Q: How does ExecutorService and Thread Pools work?
Answer:
Why Thread Pools?
Creating a new Thread for every task is expensive (OS thread creation, memory allocation). Thread pools reuse a fixed set of threads to execute many tasks.
ExecutorService
The ExecutorService interface is the standard API for managing thread pools in Java.
// Fixed-size pool: always 4 threads
ExecutorService pool = Executors.newFixedThreadPool(4);
// Cached pool: creates threads on-demand, reuses idle ones
ExecutorService pool = Executors.newCachedThreadPool();
// Single thread: tasks execute sequentially in one thread
ExecutorService pool = Executors.newSingleThreadExecutor();
// Scheduled: run tasks after a delay or periodically
ScheduledExecutorService pool = Executors.newScheduledThreadPool(2);
Submitting Tasks
ExecutorService pool = Executors.newFixedThreadPool(4);
// Fire-and-forget (Runnable)
pool.submit(() -> System.out.println("Task 1"));
// Get a result (Callable)
Future<Integer> future = pool.submit(() -> computeExpensiveThing());
Integer result = future.get(); // Blocks until done
// Shutdown
pool.shutdown(); // Finish current tasks, reject new ones
pool.shutdownNow(); // Interrupt running tasks immediately
pool.awaitTermination(5, TimeUnit.SECONDS); // Wait for completion
ThreadPoolExecutor (Full Control)
The Executors factory methods are shortcuts.
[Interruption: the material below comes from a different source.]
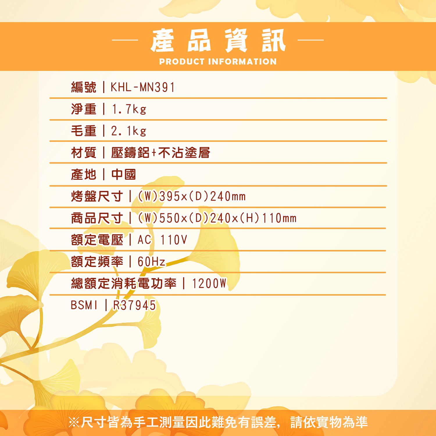 編號|KHL-MN391淨重|1.7kg毛重|2.1kg材質|壓鑄鋁+不沾塗層產地|中國烤盤尺寸|(W)395x(D)240mm商品尺寸|(W)550x(D)240x(H)110mm額定電壓|AC 110V額定頻率|60Hz總額定消耗電功率|1200WBSMI|R37945
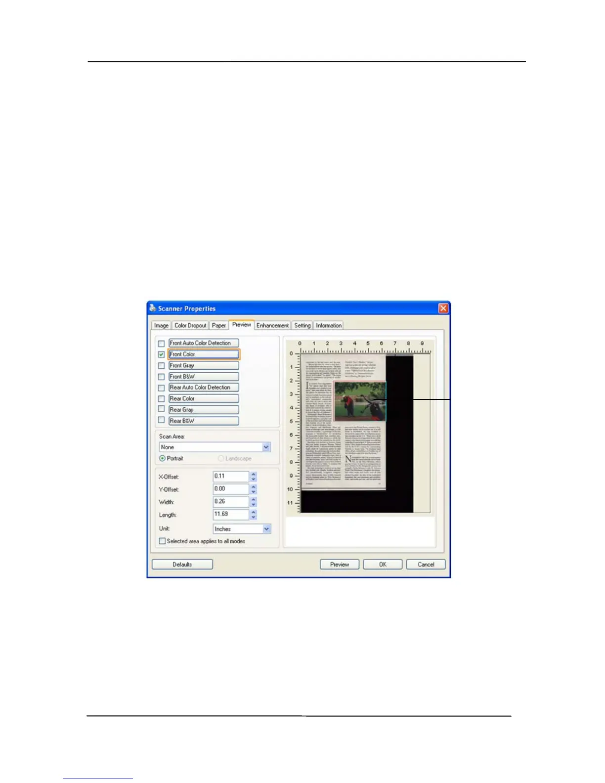 The Preview tab allows you to preview (a low-resolution scan)

For production, configure ThreadPoolExecutor directly:
ThreadPoolExecutor executor = new ThreadPoolExecutor(
4, // corePoolSize: minimum threads kept alive
8, // maxPoolSize: maximum threads allowed
60, TimeUnit.SECONDS, // keepAliveTime for idle threads above core
new ArrayBlockingQueue<>(100), // work queue capacity
new ThreadPoolExecutor.CallerRunsPolicy() // rejection policy
);
Rejection Policies
When both the thread pool and work queue are full:
| Policy | Behavior |
|---|---|
AbortPolicy (default) | Throws RejectedExecutionException |
CallerRunsPolicy | The calling thread runs the task (backpressure) |
DiscardPolicy | Silently discards the task |
DiscardOldestPolicy | Discards the oldest queued task |
[!WARNING] Avoid
Executors.newCachedThreadPool()in production unless you're sure about your workload. It creates an unbounded number of threads. A sudden traffic spike can spawn thousands of threads, exhausting memory and crashing the JVM. Always useThreadPoolExecutorwith explicit bounds.